Print out the full material below, exact in every line, with no images included.

EXERCISE DATA: Begin

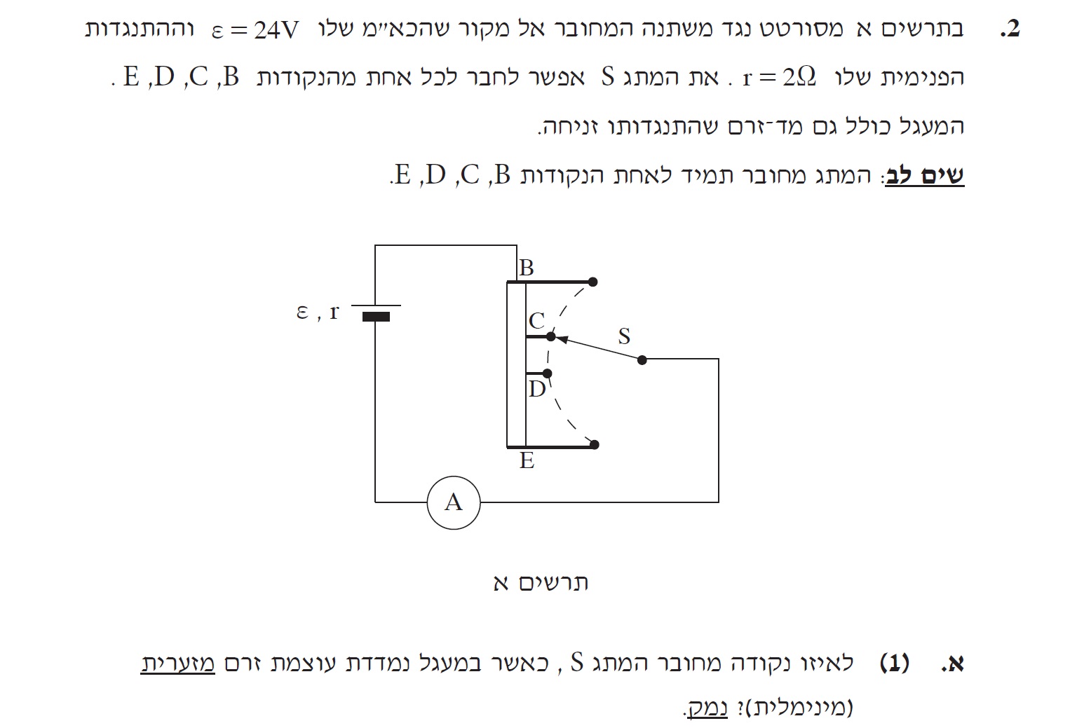 3. כאשר המתג מחובר לנקודה E אורך המוליך דרכו זורם הזרם הוא הגדול ביותר האפשרי, מביטוי התנגדות מוליך «math xmlns=¨http://www.w3.org/1998/Math/MathML¨»«mi mathvariant=¨bold¨ mathcolor=¨#FF0000¨»R«/mi»«mo mathvariant=¨bold¨ mathcolor=¨#FF0000¨»=«/mo»«mfrac mathcolor=¨#FF0000¨»«mrow»«mi mathvariant=¨bold¨»§#961;«/mi»«mo mathvariant=¨bold¨»§#183;«/mo»«mi mathvariant=¨bold¨»L«/mi»«/mrow»«mi mathvariant=¨bold¨»A«/mi»«/mfrac»«/math»
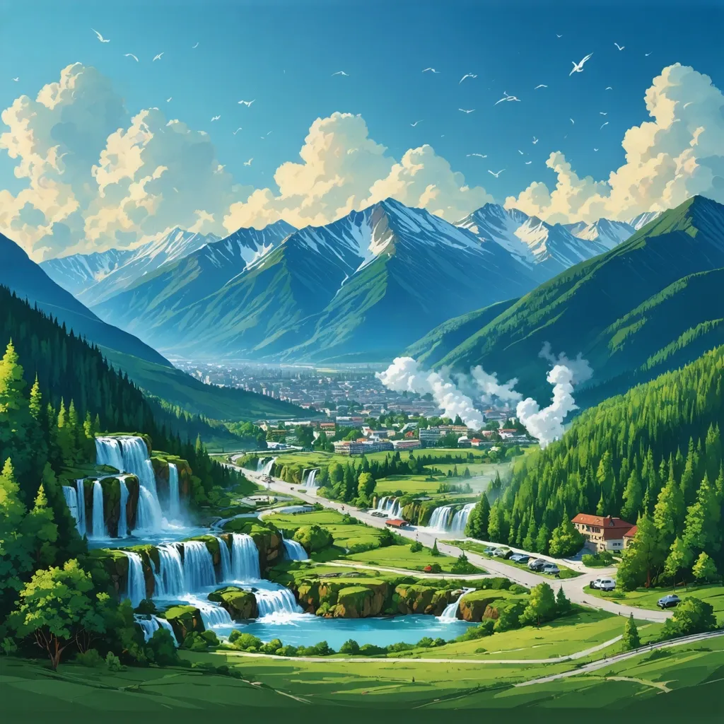 - Природные достопримечательности: чистый горный воздух, живописные горы, водопады и минеральные источники.
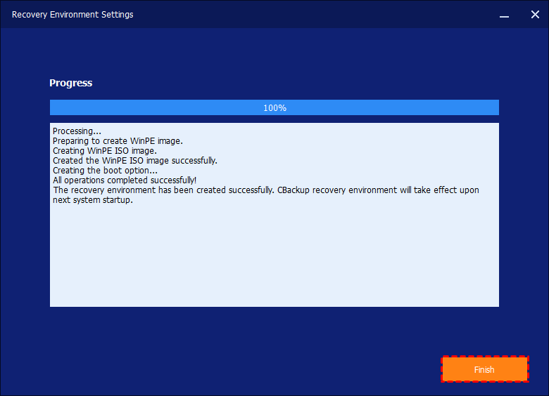 After the creation is successful, please click "Finish". And, settings will be saved. The CBackup system boot option will take effect the next time the system starts.

EXERCISE DATA: End

RESULT FOR THIS TASK:
 3. כאשר המתג מחובר לנקודה E אורך המוליך דרכו זורם הזרם הוא הגדול ביותר האפשרי, מביטוי התנגדות מוליך «math xmlns=¨http://www.w3.org/1998/Math/MathML¨»«mi mathvariant=¨bold¨ mathcolor=¨#FF0000¨»R«/mi»«mo mathvariant=¨bold¨ mathcolor=¨#FF0000¨»=«/mo»«mfrac mathcolor=¨#FF0000¨»«mrow»«mi mathvariant=¨bold¨»§#961;«/mi»«mo mathvariant=¨bold¨»§#183;«/mo»«mi mathvariant=¨bold¨»L«/mi»«/mrow»«mi mathvariant=¨bold¨»A«/mi»«/mfrac»«/math»
 - Природные достопримечательности: чистый горный воздух, живописные горы, водопады и минеральные источники.
 After the creation is successful, please click "Finish". And, settings will be saved. The CBackup system boot option will take effect the next time the system starts.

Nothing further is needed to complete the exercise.